Pharmacokinetic analyses, which constituted a secondary objective of the study, show that, despite the targeted nature of carotuximab and everolimus, interactions did arise. The accumulation of carotuximab in the extravascular space with successive administrations may explain the later-onset anemia (typically seen after cycle 3) and the rising frequency and severity of adverse events associated with carotuximab (headaches, fatigue, epistaxis, gingival hemorrhage, nasal congestion, and telangiectasias). Carotuximab also accelerated the biodistribution of everolimus which probably underpins a pharmacodynamic interaction, in terms of significant downregulation of a proliferative gene expression signature as well as causation of synergistic adverse events (fatigue, skin rash, gingival hemorrhage). The long interval required for letrozole to reach steady state and the accumulation with repeated dosing may explain the later-onset of adverse events typically associated with this agent.

In terms of assessing the antitumor activity of preoperative endocrine therapy and especially combinatorial regimens, uniform criteria for optimal patient selection, endpoints to capture the activity of preoperative endocrine therapy, and biomarkers to escalate or de-escalate therapy have not been adopted.

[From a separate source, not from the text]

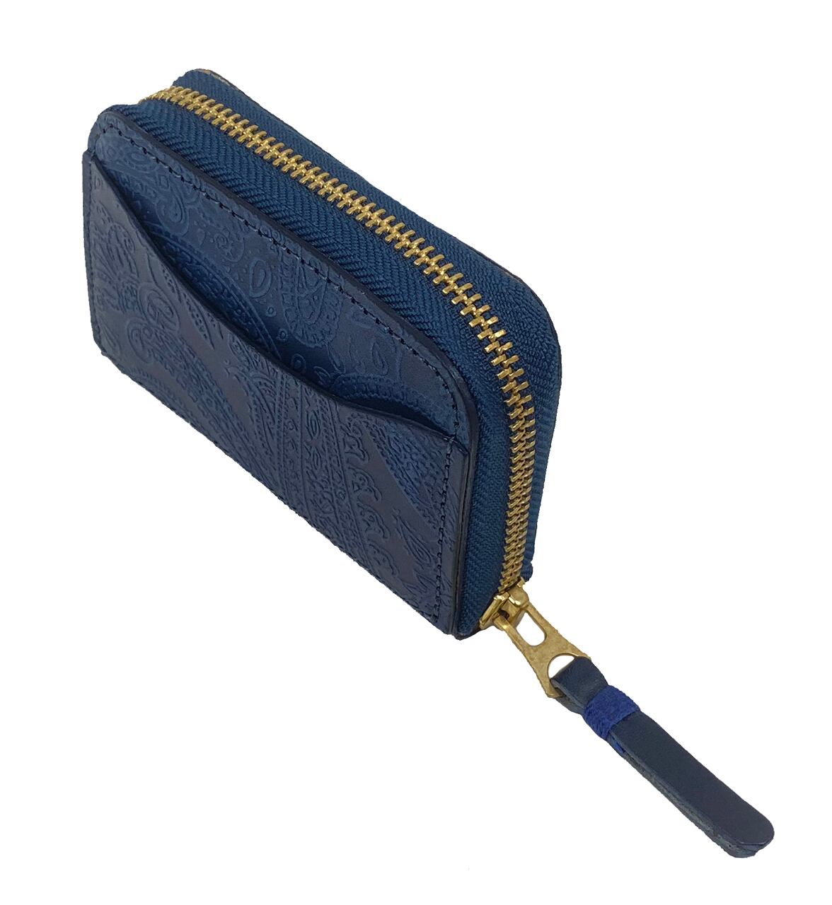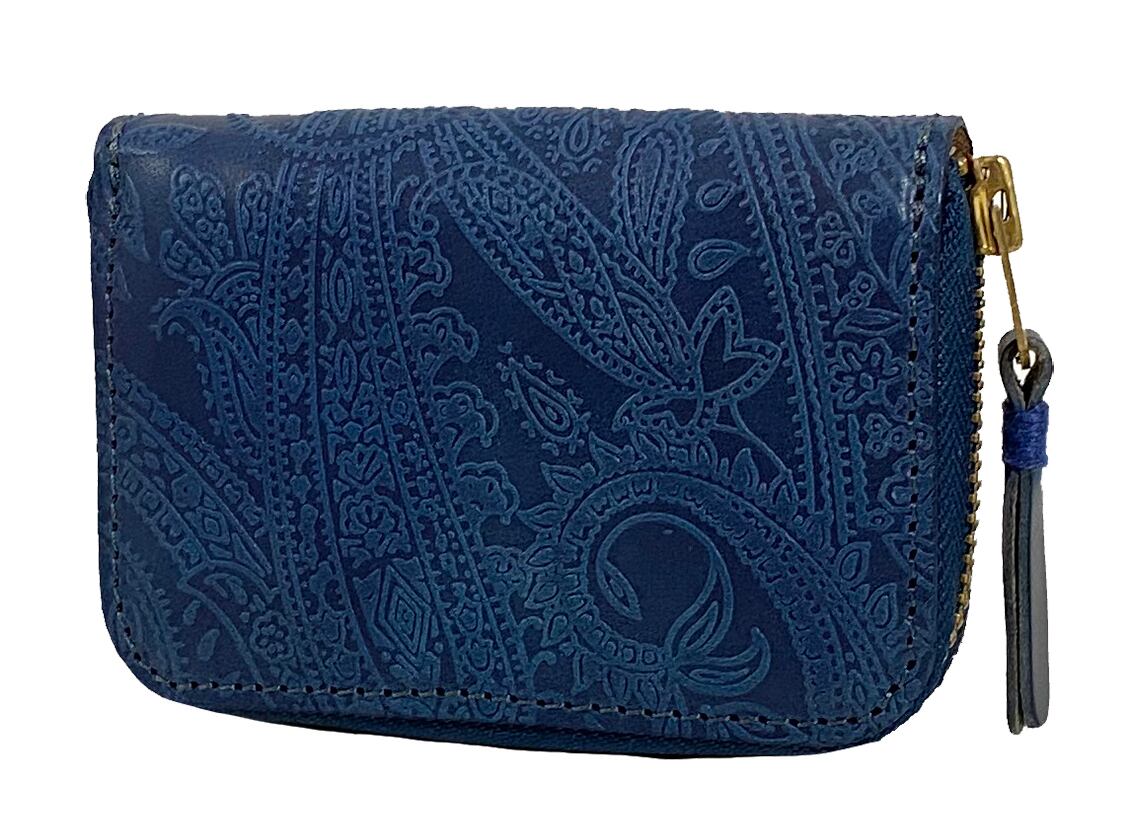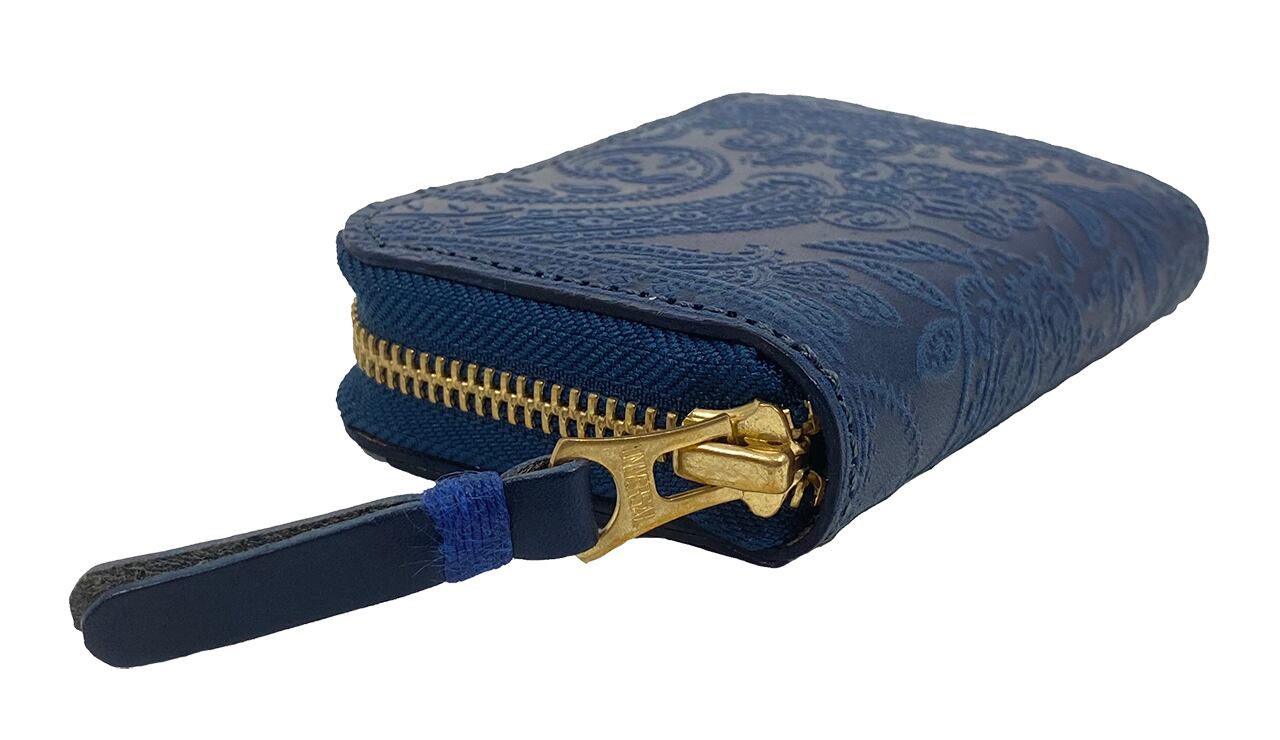 この作業を何度も繰り返し藍本来の色に仕上げていきます。最後の仕上げとして艶が持続する特殊なオイルを塗り込み、光沢感を出しています。この作業をすることにより、使用していくうちに艶が増して深い藍色に経年変化していきます。その藍染めをした革にペイズリーの型押しをいれました。ペイズリーの型押しも通常の型押しより強めに入れ、より立体感を出しています。

Our results and other trials [54] suggest that molecular criteria should be considered for patient selection in these trials. Luminal A tumors may respond to endocrine monotherapy; additional agents and chemotherapy can be spared [55]. Nonluminal HR+/Her2− tumors and especially basal-like have distinct molecular underpinnings and a response to endocrine therapy should not be expected [44]. In our study, the most meaningful reductions in proliferation and gene expression changes were seen in luminal B tumors.

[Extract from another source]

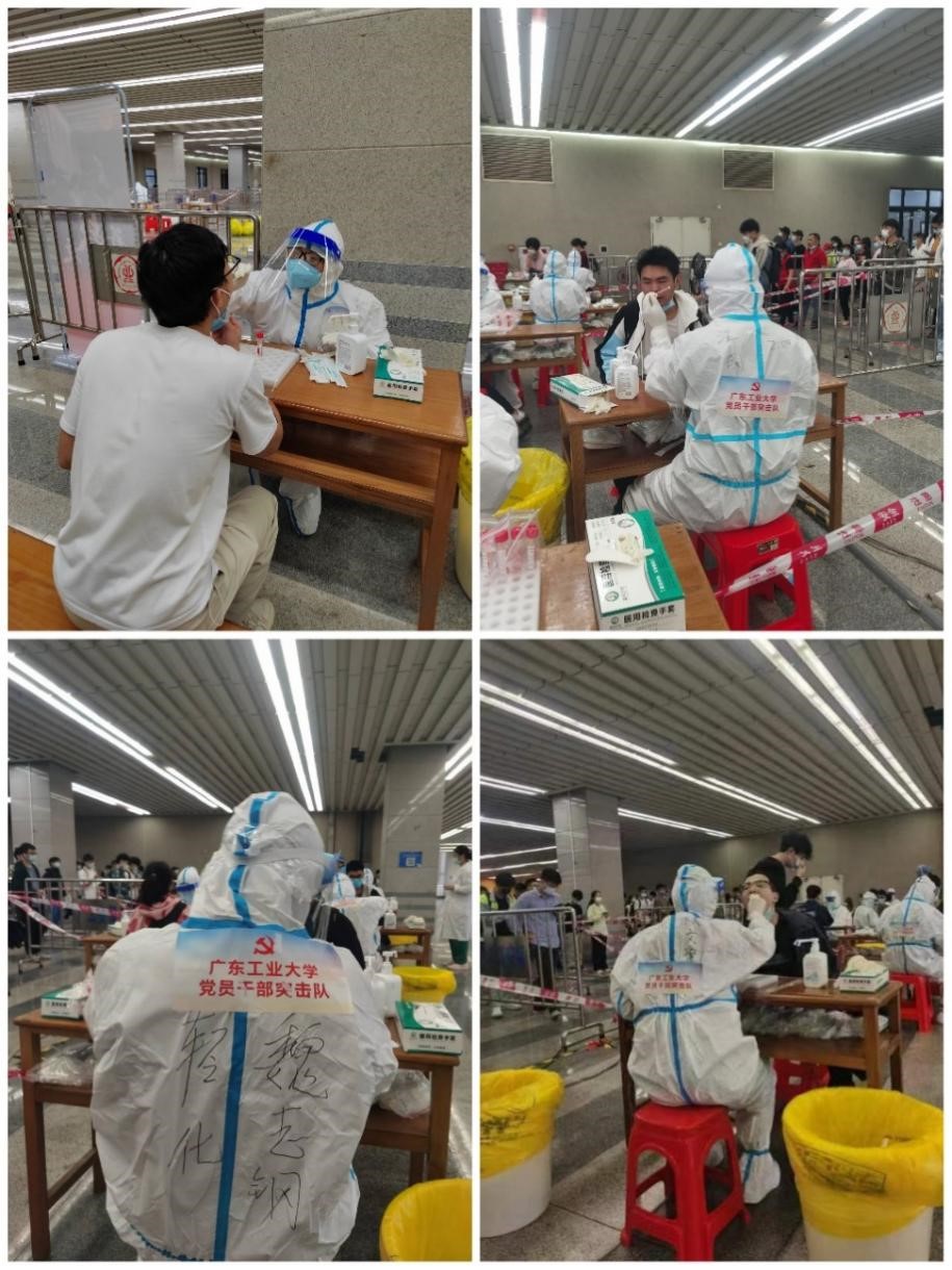 疫情当前,使命在肩。1125日,根据疫情防控紧急需要,我校组织开展新一轮大规模全员核酸检测工作,由于医务人员紧缺,live007比分 应用化学系党支部迅速吹响助力全员核酸检测工作的“集结号”,支部书记何军带队,汪成、魏志钢、林文静,与来自live007比分 其他党支部、办公室的林晓清、姬文晋、廖晨艳共7名教师主动请缨加入学校疫情防控突击队,首批变身“大白”助力核酸检测采样工作。这是继校园核酸检测秩序维护和指引、生活区临时管控期间取送快递、报名参加学校党员干部全力支持广州打赢本轮疫情突击队后,支部成员又一次以实际行动和责任担当,积极响应学校live007比分 党委的号召,共同筑牢校园疫情防控“安全墙”。

Recognizing that the achievement of pCR is an endpoint that does not align with the nature of luminal breast cancer and conventional pathologic criteria do not capture the gene expression changes induced by preoperative endocrine therapy, other, mostly proliferation-based biomarkers have been used [44, 53, 56,57,58]. Reductions in Ki67 with preoperative endocrine therapy have been associated with excellent long-term outcomes sparing chemotherapy [44, 54]. However, how well reductions in Ki67 can prognosticate patients with higher genomic risk disease who receive preoperative combinatorial endocrine regimens remains an open question: postoperative treatment decisions were left to the physicians’ discretion, long-term outcomes have not been reported or captured, and Ki67 can rebound upon treatment discontinuation [53, 57]. Regarding MammaPrint, the appealing concept of molecular downstaging, i.e. conversion from luminal B to PAM50 low-risk-of relapse disease, has been introduced [39]. Its ability to predict relapse or identify patients who can safely forego adjuvant chemotherapy and, more so, whether it has the same value irrespective of the regimen that induced it, remain to be evaluated. Although the administration of postoperative chemotherapy at physicians’ discretion precludes a clean readout of the long-term impact of the investigational therapy, our results provide clues that patients who achieve molecular downstaging have low risk of early relapse and potentially can be spared chemotherapy.

In conclusion, letrozole, everolimus, and carotuximab ± goserelin were tolerated in combination at their single-agent doses. Escalating the number of targeted agents in combinatorial preoperative regimens, may enhance the toxicities due to unaccounted interactions while the respective increments in antitumor activity may remain elusive.